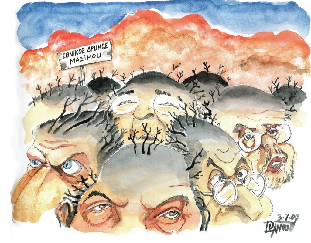 Γ.Α.: Είναι μια εξαιρετικά δύσκολη δουλειά, λόγω της σχεδόν ανύπαρκτης βάσης δεδομένων όσον αφορά την ιστορία δύο αιώνων ελληνικής πολιτικής γελοιογραφίας. Βυθιστήκαμε επί σχεδόν δώδεκα μήνες σε ψηφιοποιημένες εφημερίδες στη Βιβλιοθήκη της Βουλής, σε ιδιωτικά αρχεία ζώντων ή αποθανόντων συναδέλφων -με την ευγενική άδεια των κληρονόμων τους-, και έπρεπε να καταλήξουμε σε μια επιλογή 400 περίπου σκίτσων μέσα από ένα σύνολο πολλών χιλιάδων. Μας βοήθησε και τους δύο επιμελητές η πολυετής τριβή με την ιστορία της γελοιογραφίας, του Τύπου, της πολιτικής -της ιστορίας γενικότερα. Και μια πολύ βαθιά μνήμη προσώπων, συμβάντων και καταστάσεων, που μας επέτρεψε να συγκροτήσουμε μια αφήγηση των 50 χρόνων εστιάζοντας την έρευνά μας στα μεγάλα γεγονότα και αναζητώντας τις γελοιογραφίες εκείνες (αποκλειστικά από εφημερίδες πανελλαδικής εμβέλειας) που περιέγραφαν πιο εύστοχα και πιο εύληπτα τα γεγονότα εκείνα.
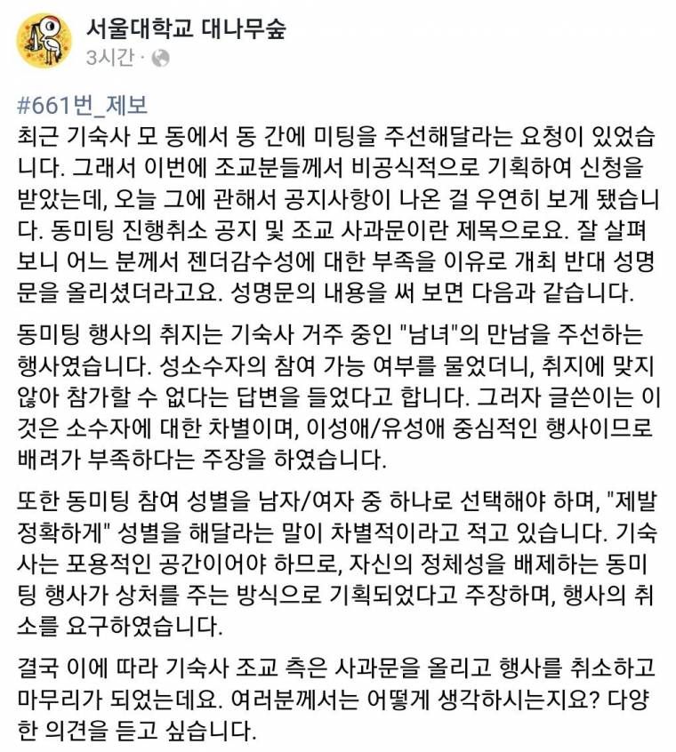 그럼 이건 이성간 미팅이니 그대로하고 젠더감수성 넘치시는 분들만 따로 자리를 마련하는 행사를 진행하면되지 그걸 취소를 시키네
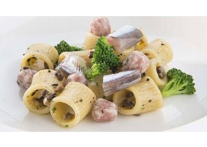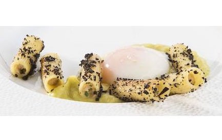 E poi un Fusillone con fegato di seppia, ricci di mare, cicoria frullata e battuto di acetosa, acetosella e rabarbaro, miracolo di equilibrio tra gusti differenti. E un’altra acrobazia, il Mezzo rigatone con alici salate, tartufo nero e ciauscolo (foto). Quando si dice iniziare con il piede giusto.

### ABOUT THIS EXERCISE
Every line of the data is to be transcribed exactly, and no picture is to be included.

### RESULT OF THE TASK
 Γ.Α.: Είναι μια εξαιρετικά δύσκολη δουλειά, λόγω της σχεδόν ανύπαρκτης βάσης δεδομένων όσον αφορά την ιστορία δύο αιώνων ελληνικής πολιτικής γελοιογραφίας. Βυθιστήκαμε επί σχεδόν δώδεκα μήνες σε ψηφιοποιημένες εφημερίδες στη Βιβλιοθήκη της Βουλής, σε ιδιωτικά αρχεία ζώντων ή αποθανόντων συναδέλφων -με την ευγενική άδεια των κληρονόμων τους-, και έπρεπε να καταλήξουμε σε μια επιλογή 400 περίπου σκίτσων μέσα από ένα σύνολο πολλών χιλιάδων. Μας βοήθησε και τους δύο επιμελητές η πολυετής τριβή με την ιστορία της γελοιογραφίας, του Τύπου, της πολιτικής -της ιστορίας γενικότερα. Και μια πολύ βαθιά μνήμη προσώπων, συμβάντων και καταστάσεων, που μας επέτρεψε να συγκροτήσουμε μια αφήγηση των 50 χρόνων εστιάζοντας την έρευνά μας στα μεγάλα γεγονότα και αναζητώντας τις γελοιογραφίες εκείνες (αποκλειστικά από εφημερίδες πανελλαδικής εμβέλειας) που περιέγραφαν πιο εύστοχα και πιο εύληπτα τα γεγονότα εκείνα.
 그럼 이건 이성간 미팅이니 그대로하고 젠더감수성 넘치시는 분들만 따로 자리를 마련하는 행사를 진행하면되지 그걸 취소를 시키네
 E poi un Fusillone con fegato di seppia, ricci di mare, cicoria frullata e battuto di acetosa, acetosella e rabarbaro, miracolo di equilibrio tra gusti differenti. E un’altra acrobazia, il Mezzo rigatone con alici salate, tartufo nero e ciauscolo (foto). Quando si dice iniziare con il piede giusto.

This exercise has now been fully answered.